Bug #63881
openInaccurate pg splits/merges and pool deletion/creation on OSD mapgap
0%
Updated by Matan Breizman 5 months ago
- Subject changed from Inaccurate split handling to Inaccurate pg splits/merges on OSD mapgap
- Assignee set to Matan Breizman
- Backport set to quincy,reef
When handling MOSDMap with OSDMaps of epochs [first, last] we add each one to `added_maps`.
Later on, we use `added_maps` to calculate the "diff" in terms of pool deletion/creation and pg num changes.
To find the "diff" we compare between each OSDMap to its previous map (See assertion below).
This tracking (of pg_num_history) will be mainly used by OSDService::identify_splits_and_merges.
void OSD::handle_osd_map(MOSDMap *m) {
..
// check for pg_num changes and deleted pools
OSDMapRef lastmap;
for (auto& i : added_maps) {
if (!lastmap) {
if (!(lastmap = service.try_get_map(i.first - 1))) {
dout(10) << __func__ << " can't get previous map " << i.first - 1
<< " probably first start of this osd" << dendl;
continue;
}
}
ceph_assert(lastmap->get_epoch() + 1 == i.second->get_epoch());
}
If we can't find the previous map of the first "added_map" - we assume this is the first start of the OSD and we can skip
this iteration.
As a result, we won't check the "diff" between the last epoch of which the OSD was up before the gap (n) to the first added map (m) epoch.

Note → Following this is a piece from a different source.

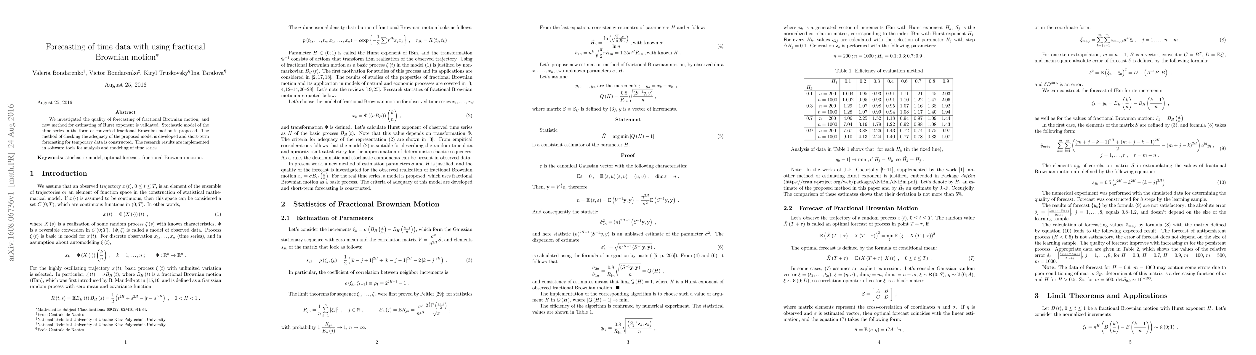 We investigated the quality of forecasting of fractional Brownian motion, and new method for estimating of Hurst exponent is validated. Stochastic model of the time series in the form of converted fractional Brownian motion is proposed. The method of checking the adequacy of the proposed model is developed and short-term forecasting for temporary data is constructed. The research results are implemented.in software tools for analysis and modeling of time series.

The OSD's information of loaded_pgs on boot may remain stale and cause issues.
int OSD::init()
{
..
osdmap = get_map(superblock.current_epoch);
set_osdmap(osdmap);
..
// initialize osdmap references in sharded wq
for (auto& shard : shards) {
std::lock_guard l(shard->osdmap_lock);
shard->shard_osdmap = osdmap;
}
// load up pgs (as they previously existed)
load_pgs();
..
}
The "previously existed" pgs will be loaded and the `shard_osdmap` will be updated to superblock.current_epoch (n).
When identify_splits_and_merges will be called we will compare between the `shard_osdmap` to m without
maintaining any corresponding changes (deletion/creation of pools and pg splits and merges) throughout maps epochs of [ n + 1, m + 1].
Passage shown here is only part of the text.